* [Exercise data]:
>>>

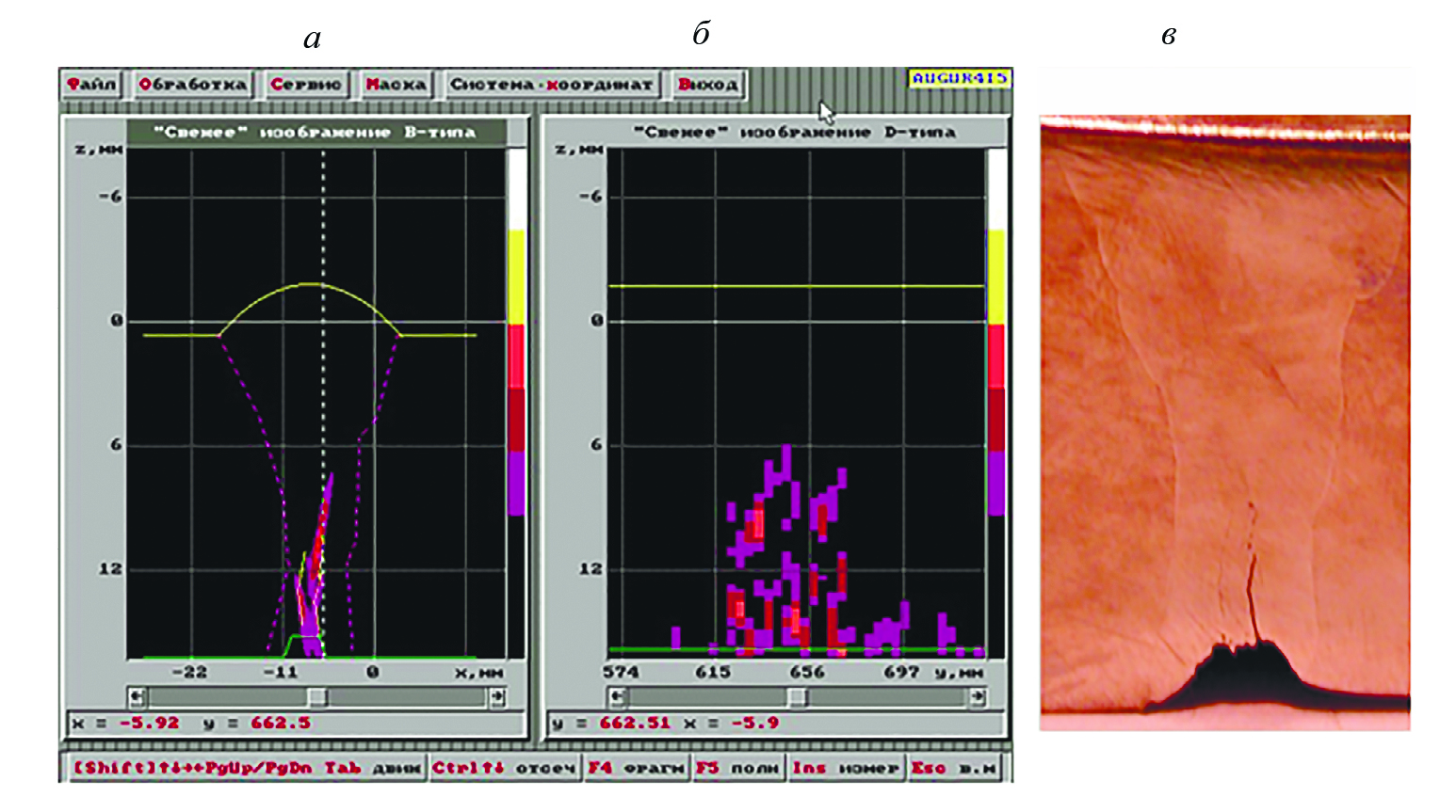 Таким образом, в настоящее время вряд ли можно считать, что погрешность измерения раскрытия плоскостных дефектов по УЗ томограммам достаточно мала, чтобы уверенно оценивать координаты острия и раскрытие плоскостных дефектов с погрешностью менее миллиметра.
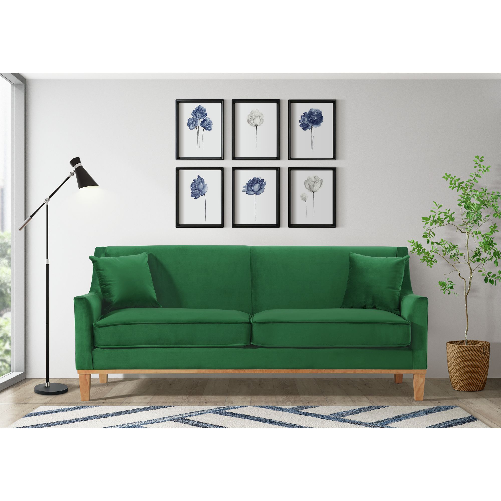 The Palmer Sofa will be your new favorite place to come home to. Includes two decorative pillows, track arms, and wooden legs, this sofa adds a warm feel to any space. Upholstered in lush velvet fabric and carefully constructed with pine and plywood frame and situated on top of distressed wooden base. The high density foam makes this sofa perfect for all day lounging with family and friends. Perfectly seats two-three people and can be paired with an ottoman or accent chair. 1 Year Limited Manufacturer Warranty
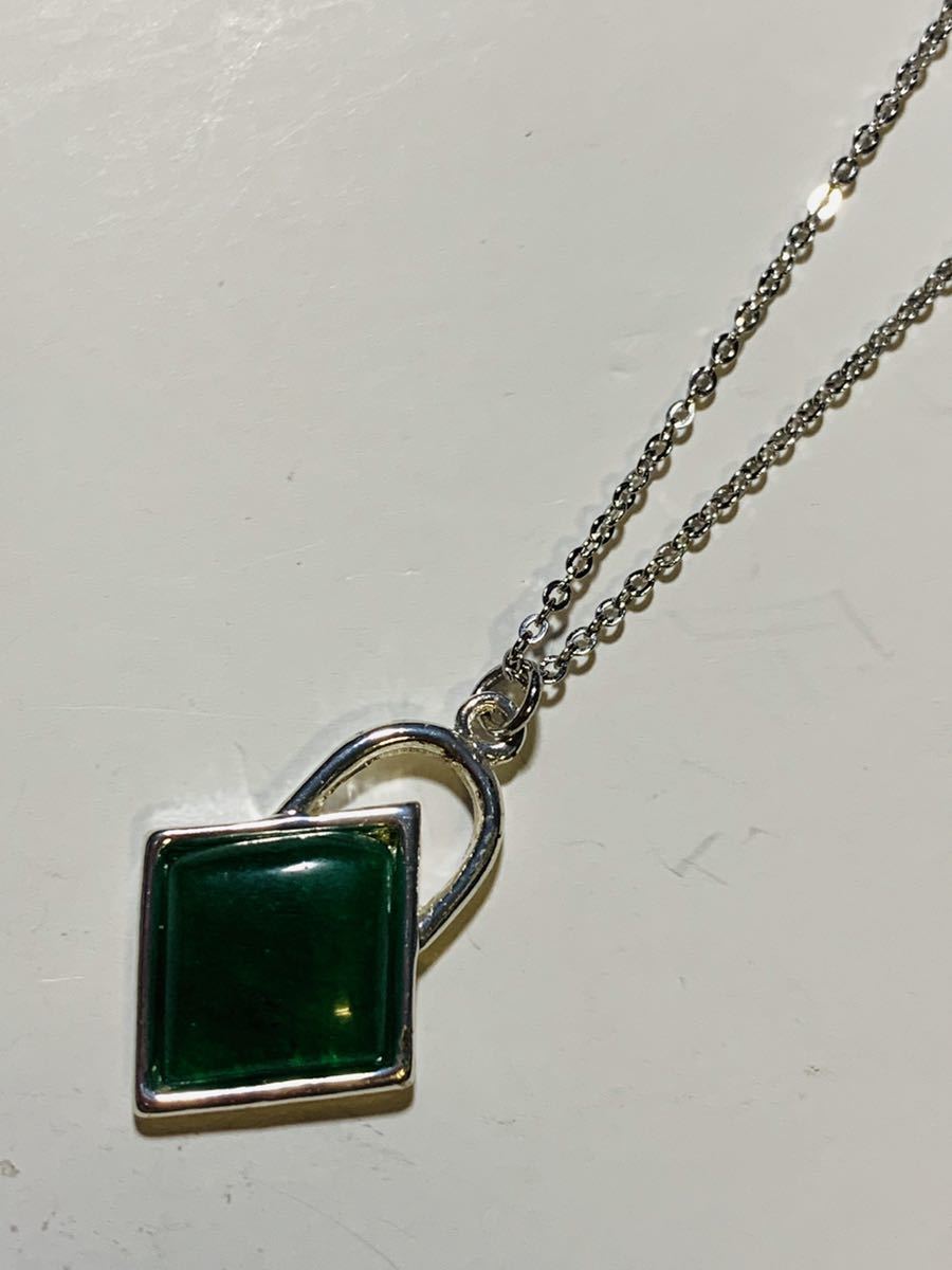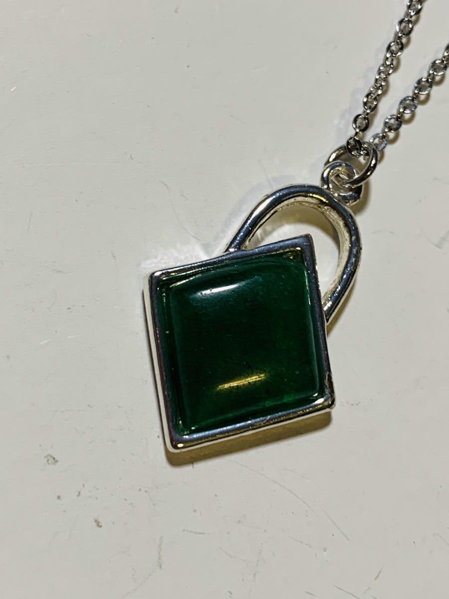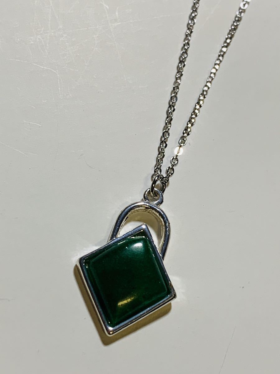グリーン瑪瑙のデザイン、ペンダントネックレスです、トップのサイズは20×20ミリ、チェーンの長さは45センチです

<<<

* [Work order]: Copy out the listing word for word and skip its pictures.

* [Completed task]:
 Таким образом, в настоящее время вряд ли можно считать, что погрешность измерения раскрытия плоскостных дефектов по УЗ томограммам достаточно мала, чтобы уверенно оценивать координаты острия и раскрытие плоскостных дефектов с погрешностью менее миллиметра.
 The Palmer Sofa will be your new favorite place to come home to. Includes two decorative pillows, track arms, and wooden legs, this sofa adds a warm feel to any space. Upholstered in lush velvet fabric and carefully constructed with pine and plywood frame and situated on top of distressed wooden base. The high density foam makes this sofa perfect for all day lounging with family and friends. Perfectly seats two-three people and can be paired with an ottoman or accent chair. 1 Year Limited Manufacturer Warranty
グリーン瑪瑙のデザイン、ペンダントネックレスです、トップのサイズは20×20ミリ、チェーンの長さは45センチです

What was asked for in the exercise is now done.